We've moved! See our new address and other contact information here.
We've moved! See our new address and other contact information here.
May 13, 2010
Washington, D.C. — The AAUP is pleased to announce the appointment of Robert M. O’Neil as the Association’s general counsel for 2010–12. The appointment takes effect on July 1, 2010.
As general counsel, O’Neil will work closely with the AAUP’s legal staff to pursue the Association’s legal activities, which include advising faculty, administrators, lawyers, and others on higher education legal issues; preparing amicus briefs; monitoring legal developments in higher education around the country; and keeping the Association apprised of new and emerging legal issues that may have implications in areas such as labor and employment law, freedom of expression, and intellectual property rights.
O’Neil is the founding director of the Thomas Jefferson Center for the Protection of Free Expression and a former president of the University of Virginia as well as the University of Wisconsin system. He is an expert on academic freedom and the author of several books, including The Rights of Public Employees (second edition, 1993), Classrooms in the Crossfire (1981), and Free Speech in the College Community (1997), The First Amendment and Civil Liability (2001), and Academic Freedom in the Wired World (2007) as well as many articles in law reviews and other journals.
“In myriad ways, from persistently probing abuses of academic freedom to asserting professorial rights in the courts to effectively representing faculty interests through collective bargaining and establishing major policies to enhance due process and fairness in academic governance, AAUP has been an uncompromising champion of professorial freedoms,” O’Neil says. “Anyone who has served the Association as I have for nearly a half century has seen it evolve in countless ways, while maintaining a constant and compelling presence in the academy. I am delighted to continue my long association with the AAUP."

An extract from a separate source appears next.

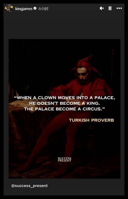 發(fā)布時間:2025年02月10日 08:52點擊:欄目:籃球新聞 02月10日訊 詹姆斯更新社交媒體,轉發(fā)了一段雞湯。“小丑進皇宮不會變國王,皇宮反而會變馬戲團——土耳其諺語”貼文寫道。 除特別注明外,本站所有內容均為九球直播整理排版,轉載請注明出處:詹姆斯轉發(fā)雞湯:小丑進皇宮不會變國王 皇宮反而會變馬戲團 本文標簽: 籃球 nba 湖人 詹姆斯

O’Neil has served the AAUP in various capacities, including as chair of Committee A on Academic Freedom and Tenure and as chair of special committees on Hurricane Katrina and New Orleans Universities, National Security in Time of Crisis, and Academic Freedom after Garcetti v. Ceballos. He has served two previous terms (1970–72 and 1990–92) as general counsel.

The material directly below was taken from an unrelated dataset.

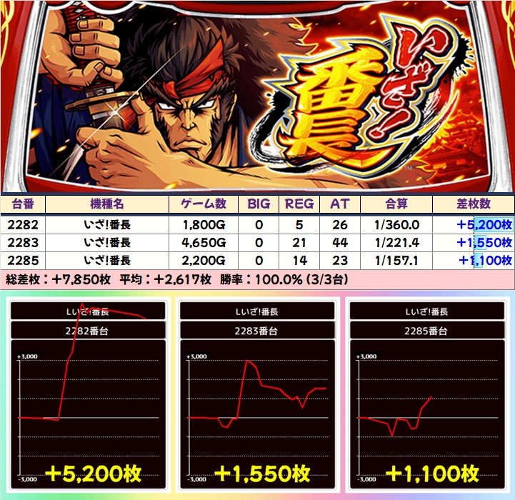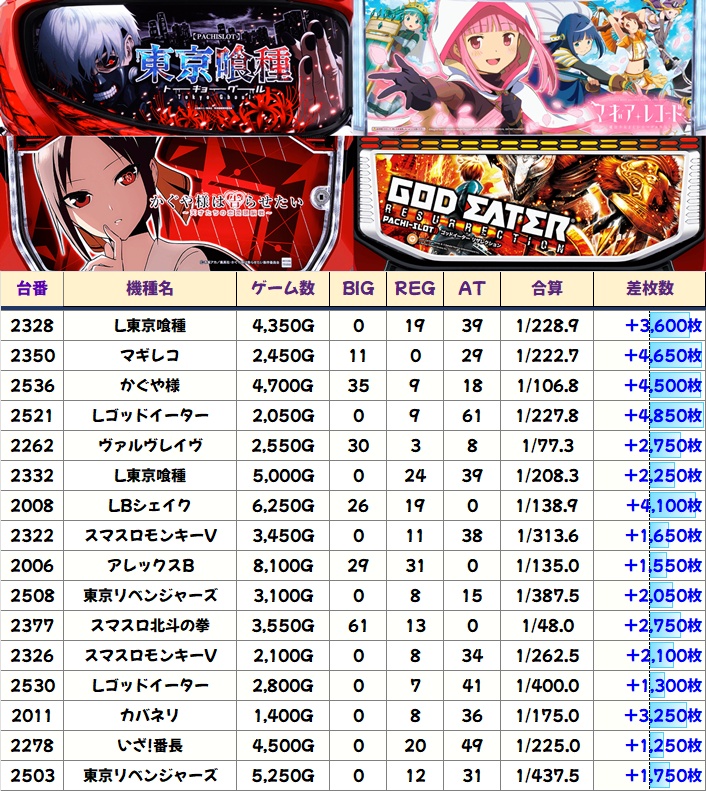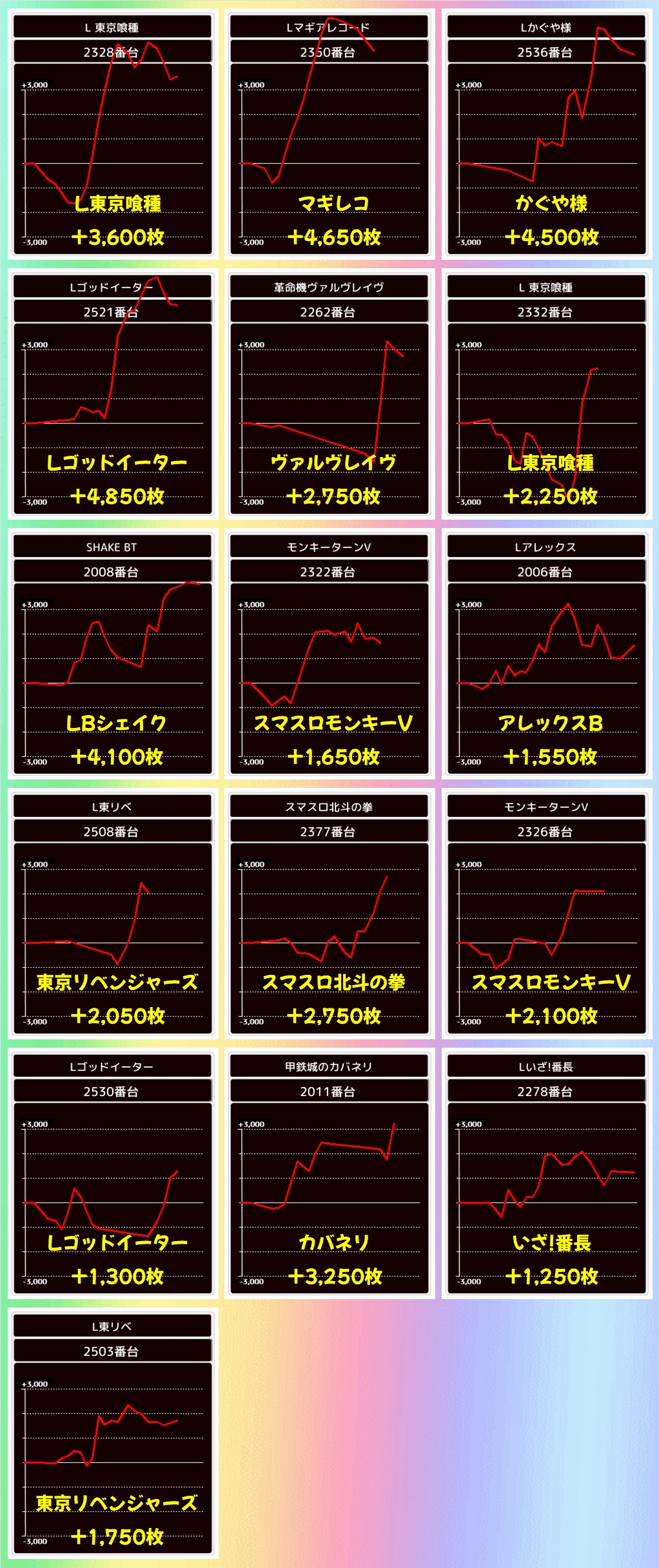 上記仕掛け以外にも+4000枚以上×4台など、この日は単品の優秀台も充実!

“Bob O’Neil lends enormous prestige to the office of general counsel and to any action taken in association with his name,” said AAUP president Cary Nelson. “Bob is quite simply one of the most distinguished legal scholars in the country. He is also immensely thoughtful and kind and a great person with whom to work. Few can equal Bob’s unending and exceptional devotion to the AAUP.”
After serving as law clerk to U.S. Supreme Court Justice William J. Brennan Jr., O’Neil began his teaching career in 1963 at the University of California Law School at Berkeley, where he chaired the Academic Senate Committee on Academic Freedom.
His administrative career began as provost of the University of Cincinnati in the early 1970s. He was vice president of Indiana University for the Bloomington campus, and later president of the statewide University of Wisconsin before coming to the University of Virginia. He taught law at each institution.
In 1990 he chaired the National Association of State Universities and Land-Grant Colleges, serving also on the executive committee of the Association of American Universities, and during the 1980s and 90s served on the boards of the Carnegie Foundation for the Advancement of Teaching, the Educational Testing Service, and the Johnson Foundation.
For the past five years, O’Neil has been director of the Ford Foundation's Difficult Dialogues Initiative. He also serves on the board of consulting editors of Trusteeship, the journal of the Association of Governing Boards. He recently served as a trustee or director of Teachers Insurance and Annuity Association (TIAA), the Fort James Corp., the Commonwealth Fund, the Media Institute, and on the editorial board of the American Bar Association’s Human Rights Journal. He chaired the boards of the Virginia Coalition for Open Government and WVPT Public Television. He is a member of the national advisory board of the American Civil Liberties Union.
Commenting on the prospect of working closely with O’Neil, AAUP senior counsel Rachel Levinson said, “I am thrilled that Bob O’Neil will be working with us as general counsel. His knowledge of legal issues in higher education is unmatched, and his dedication to the principles of the AAUP is second to none. I have already had the pleasure of working with him closely on matters related to First Amendment academic freedom, and I look forward to a productive partnership in the years ahead.”
The American Association of University Professors is a nonprofit charitable and educational organization that promotes academic freedom by supporting tenure, academic due process, shared governance and standards of quality in higher education. The AAUP has over 48,000 members at colleges and universities throughout the United States.